| WORK TASK |
The task calls for the line containing "Dieses Design bringt" and all later lines, through the end of the entries below, to be set down exactly and without pictures.
******************************
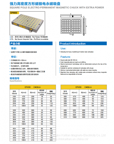 Factory Outlet NB KAITIAN Square Pole Electro-Permanent Magnetic Chuck With Extra Power
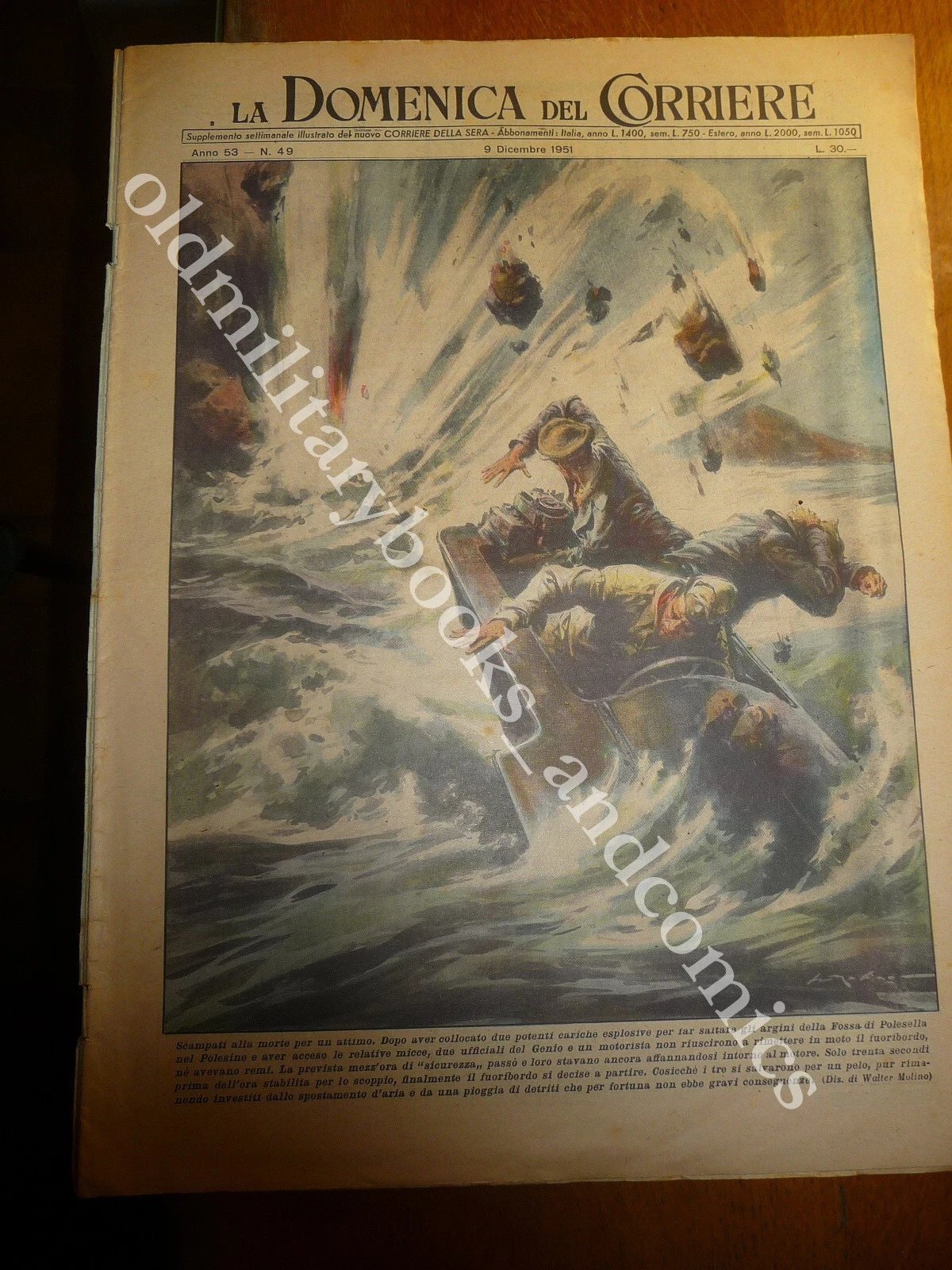 COPERTINA: Ufficiale del Genio in salvo per miracolo dopo aver acceso la miccia per far saltare gli argini della Fossa di Polesella Polesine.
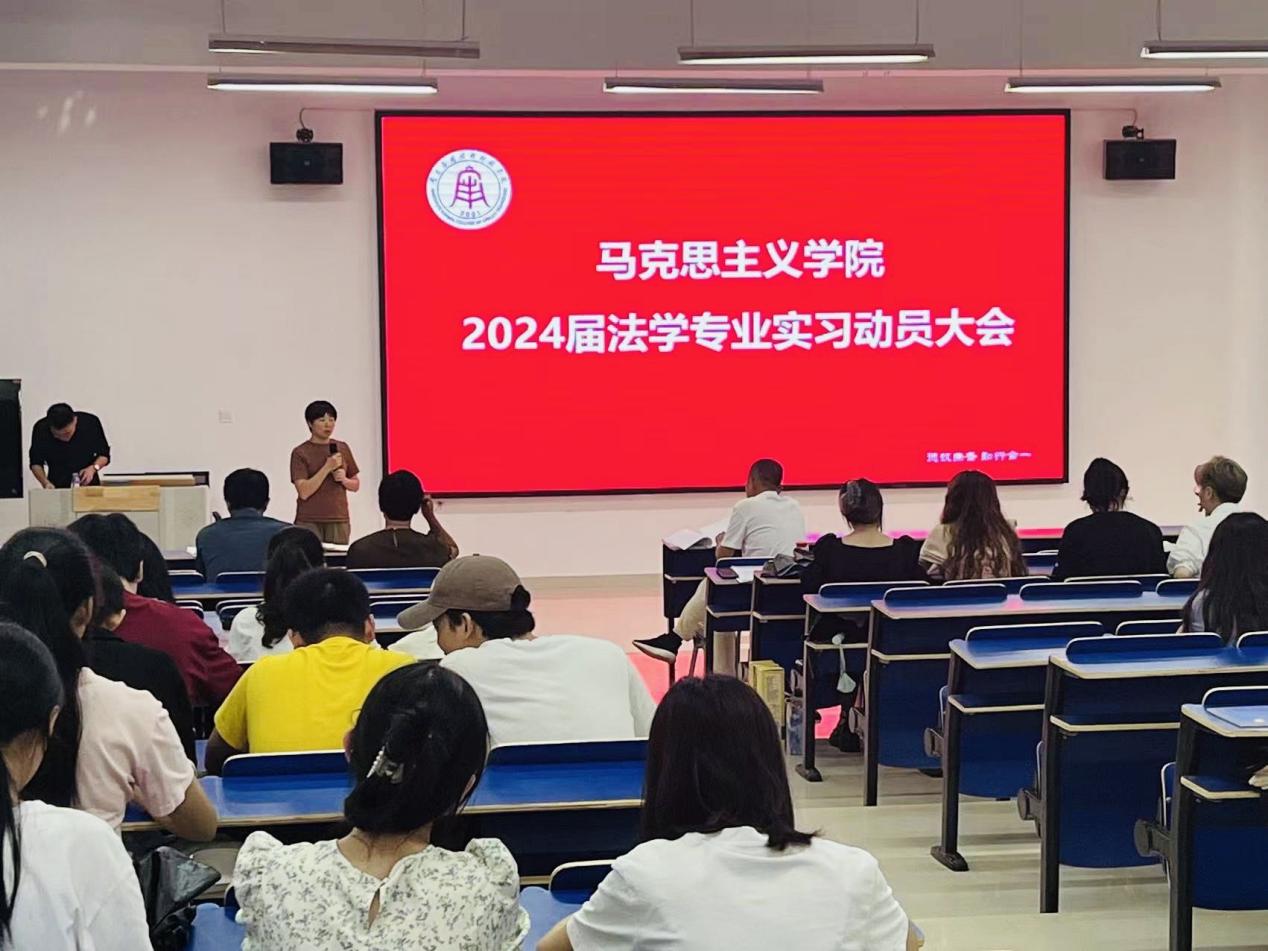 2023年9月27日下午15:30,必赢3003no1线路检测中心在教学楼2311召开了2024届法学本科毕业生实习动员大会。党总支书记张欣康、教学副院长张丹、法学教研室主任李水根、法学专业全体教师、学院教务科老师、班级辅导员以及87名法学本科毕业生参加本次会议。会议由李水根老师主持。
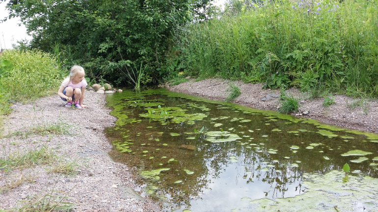 У нас на даче недалеко от участка есть неглубокий искусственный прудик, созданный руками соседей. Он кишмя кишит водомерками, жуками-плавунцами, разными червячками, лягушками и прочей живностью.
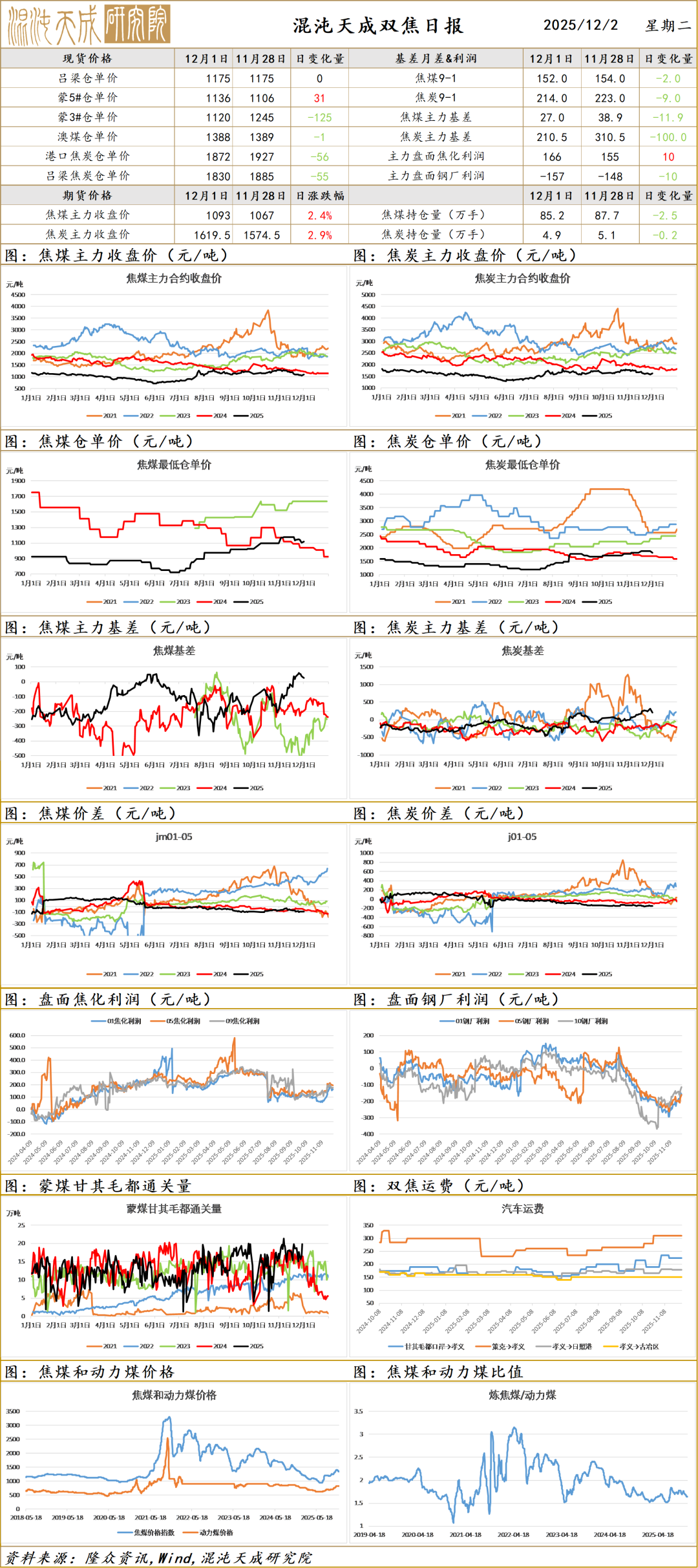 2.中国煤炭资源网冶金部12月1日重点关注:焦炭部分,主流钢厂对焦炭开启首轮提降,本轮降幅50-55元/吨。年底南方钢厂检修计划增多,铁水产量继续下滑,刚需转弱,同时北方钢厂经过前期积极采购,厂内库存水平也有明显提高,而原料煤价格继续加速下跌,焦企利润得到修复,生产积极性尚可,供应端焦炭产量相对稳定,短期焦炭供需呈现偏宽松格局,焦价下行压力较大。焦煤方面,焦炭开启首轮提降,预计本周落地,双焦市场情绪偏弱,下游钢焦企业采购积极性较差,煤矿出货不佳,库存继续累积,煤价整体以下行为主,近日部分煤种有加速下跌趋势,短期市场预计偏弱运行,后期关注下游补库节奏和煤矿生产情况。进口蒙煤方面,甘其毛都口岸通关延续高位运行,监管区库存增至280万吨以上水平,贸易商心态偏弱,蒙煤价格延续跌势,蒙5#原煤成交价已降至970-990元/吨左右。
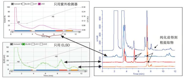 ▲ 图 3. 通过对照发现只用 UV 检测器对样品进行纯化,不能检测非发色团的产物,导致馏分纯度不高。使用 ELSD 检测器收集的馏分可分离出高回收率和高纯度的组分。
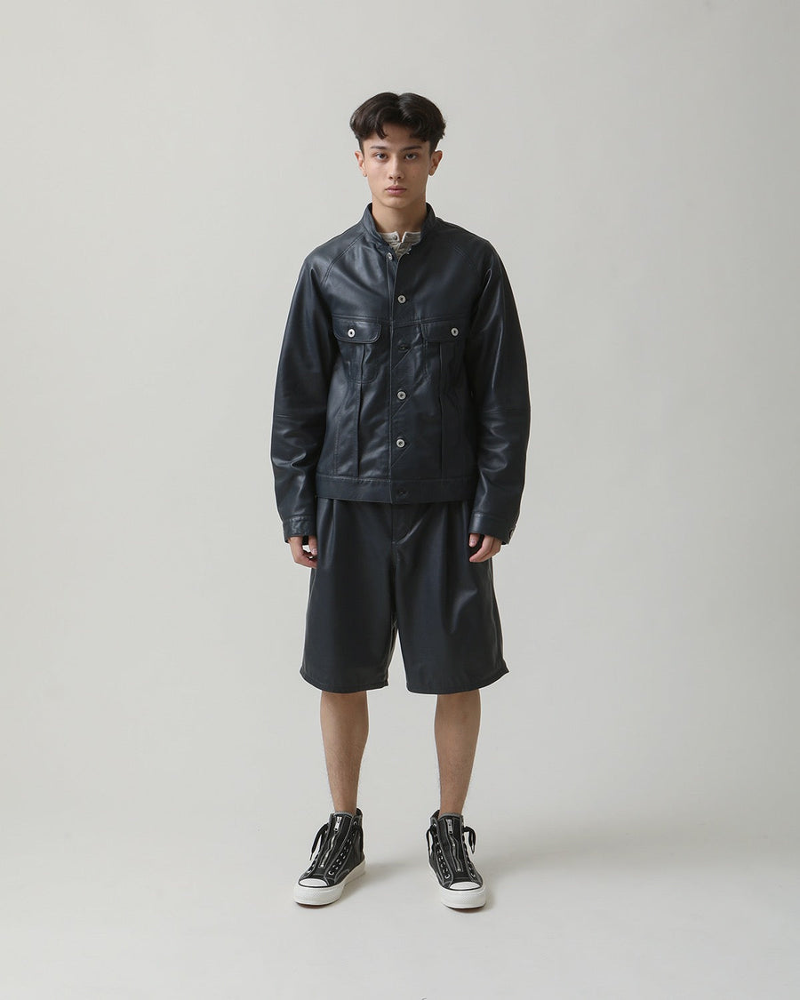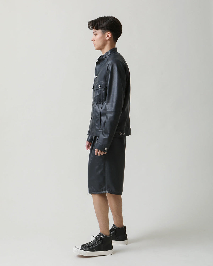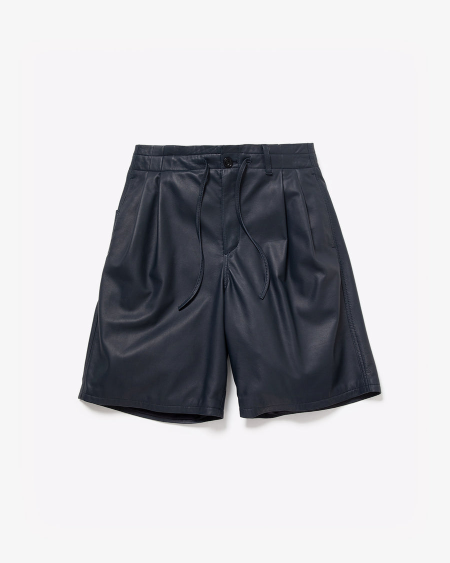 Easy shorts in supple sheep leather with a high rise, two pleats, and a tapered fit, featuring a drawstring waist for easy wear.
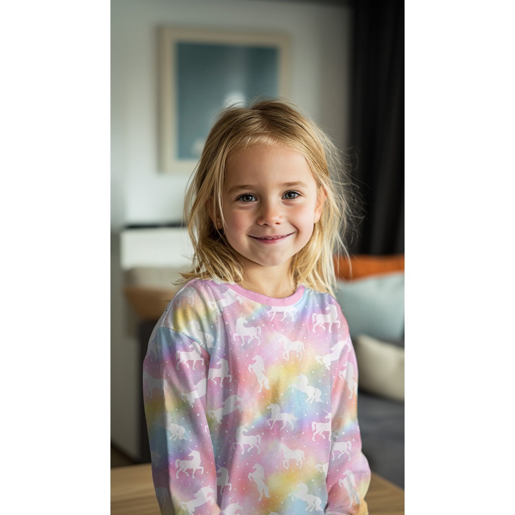 Dieses Design bringt Magie ins Nähzimmer. Weiße Einhörner tanzen über einen zarten Regenbogen-Hintergrund in Pastelltönen – ergänzt durch kleine Sterne für den extra Fantasy-Effekt. Mit 95 % Baumwolle und 5 % Elasthan ist der Jersey angenehm weich, elastisch und alltagstauglich. Das Gewicht von 200 g/m² eignet sich ideal für Shirts, Longsleeves, Kleider, Leggings oder gemütliche Schlafanzüge. Der Stoff trägt sich bequem und macht jede Bewegung mit.
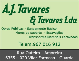 A J Tavares e Tavares Lda Construção / PortalGeraldoConselho Ver todos... Detalhes do contacto Rua Outeiro - AmoreiraGuarda,6355-020 - VILAR FORMOSO 967 016 912 Facebook Twitter Google+
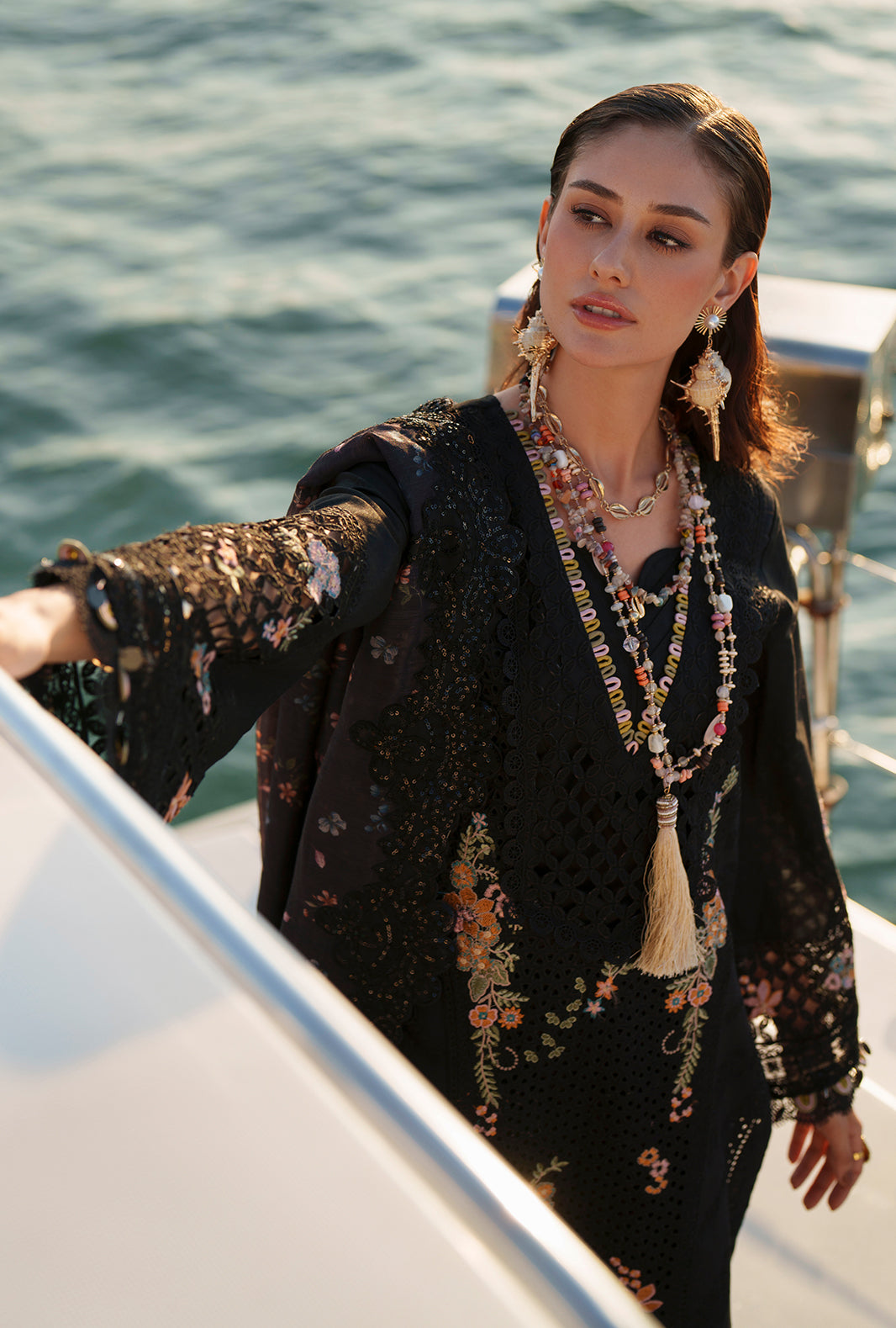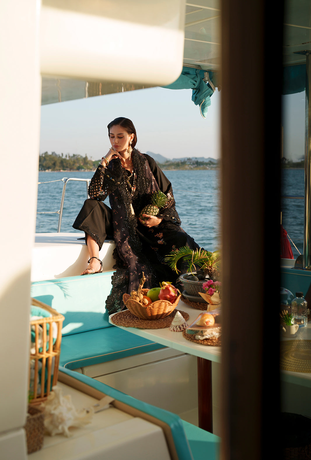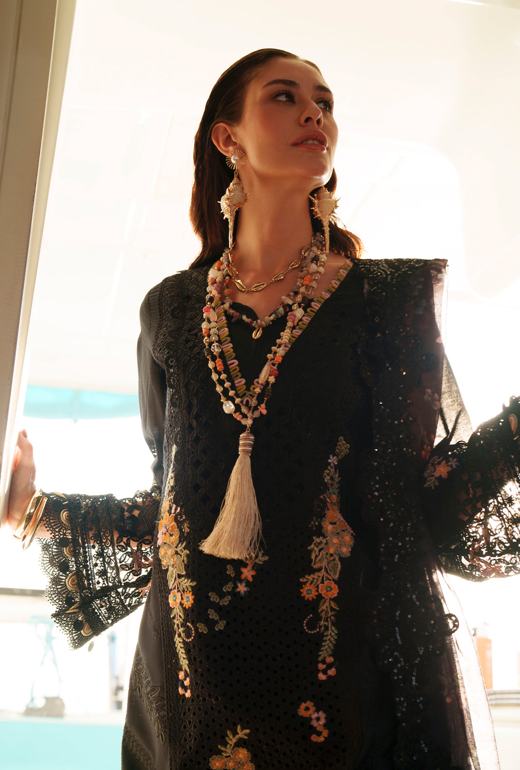 A graceful chikankari embroidered lawn ensemble enhanced with delicate organza detailing on the neckline and borders for refined elegance.
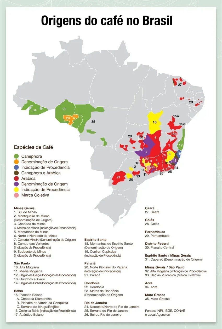 V současné době má Brazílie 14 zeměpisných označení, která uznává Národní ústav průmyslového vlastnictví (INPI), což podle Ministerstva zemědělství a živočišné výroby (MAPA) posiluje oceňování specifického původu a vlastností.
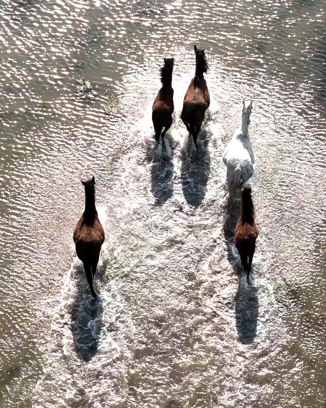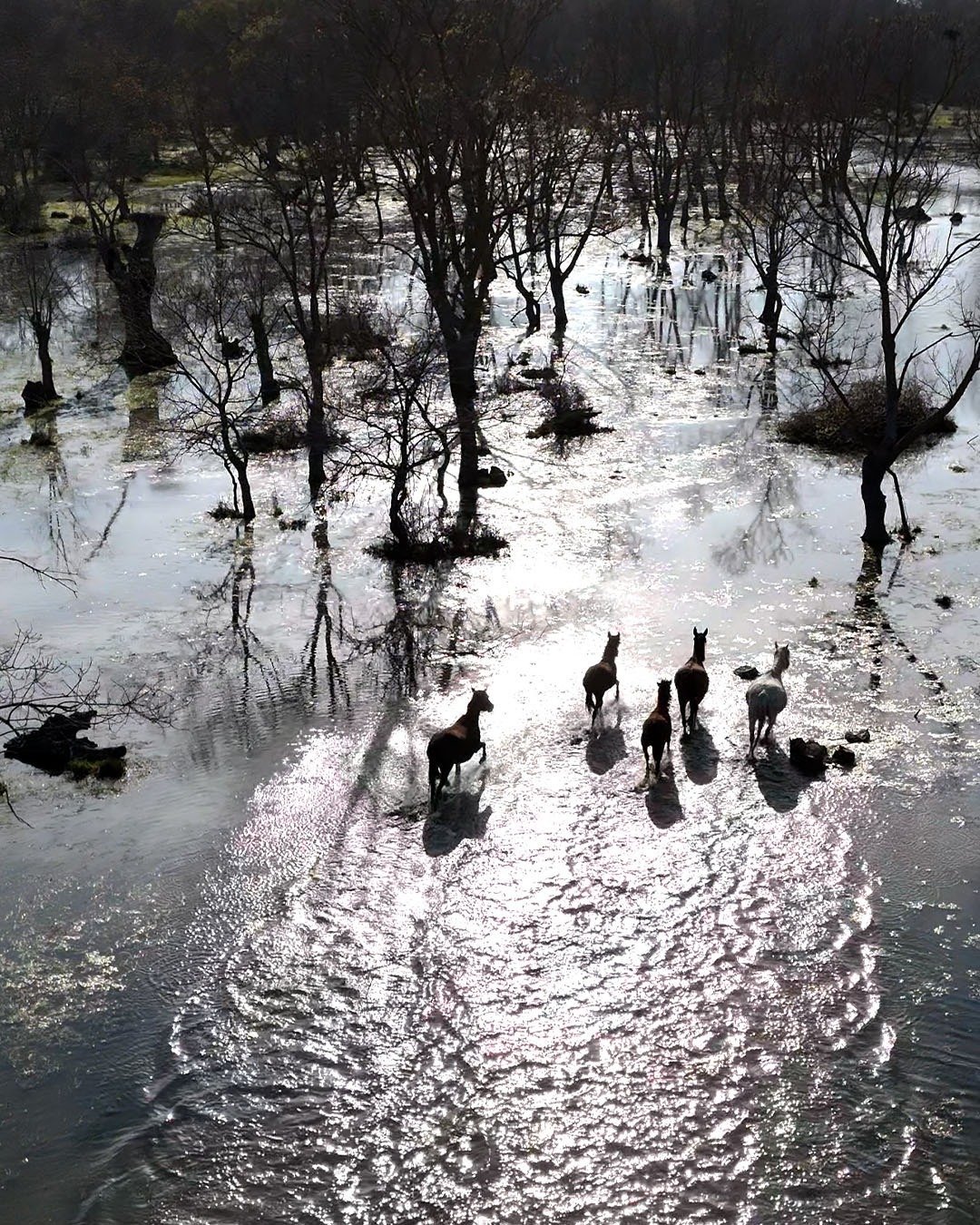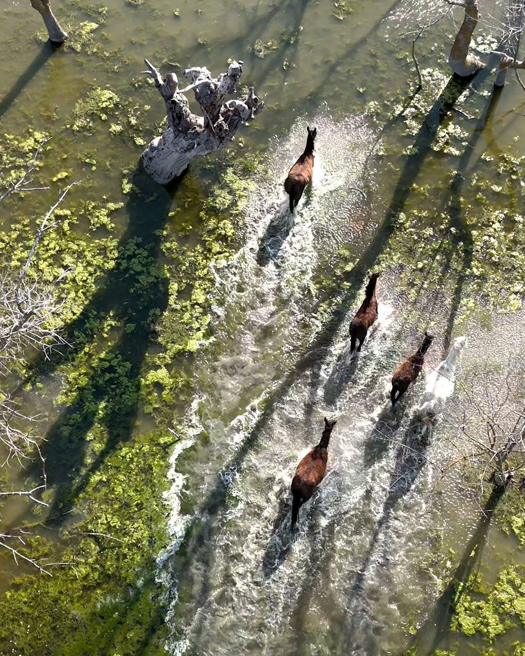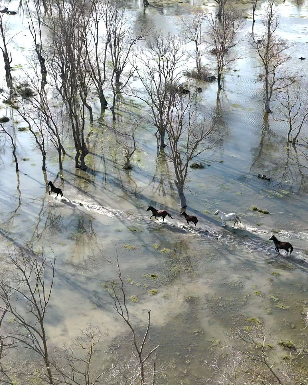 Emre ŞAHİNOL/BAFRA (Samsun), (DHA)- SAMSUN’da Kızılırmak Deltası’nda yılkı atları, dronla görüntülendi.
******************************
| COMPLETED TASK |
 Dieses Design bringt Magie ins Nähzimmer. Weiße Einhörner tanzen über einen zarten Regenbogen-Hintergrund in Pastelltönen – ergänzt durch kleine Sterne für den extra Fantasy-Effekt. Mit 95 % Baumwolle und 5 % Elasthan ist der Jersey angenehm weich, elastisch und alltagstauglich. Das Gewicht von 200 g/m² eignet sich ideal für Shirts, Longsleeves, Kleider, Leggings oder gemütliche Schlafanzüge. Der Stoff trägt sich bequem und macht jede Bewegung mit.
 A J Tavares e Tavares Lda Construção / PortalGeraldoConselho Ver todos... Detalhes do contacto Rua Outeiro - AmoreiraGuarda,6355-020 - VILAR FORMOSO 967 016 912 Facebook Twitter Google+
 A graceful chikankari embroidered lawn ensemble enhanced with delicate organza detailing on the neckline and borders for refined elegance.
 V současné době má Brazílie 14 zeměpisných označení, která uznává Národní ústav průmyslového vlastnictví (INPI), což podle Ministerstva zemědělství a živočišné výroby (MAPA) posiluje oceňování specifického původu a vlastností.
 Emre ŞAHİNOL/BAFRA (Samsun), (DHA)- SAMSUN’da Kızılırmak Deltası’nda yılkı atları, dronla görüntülendi.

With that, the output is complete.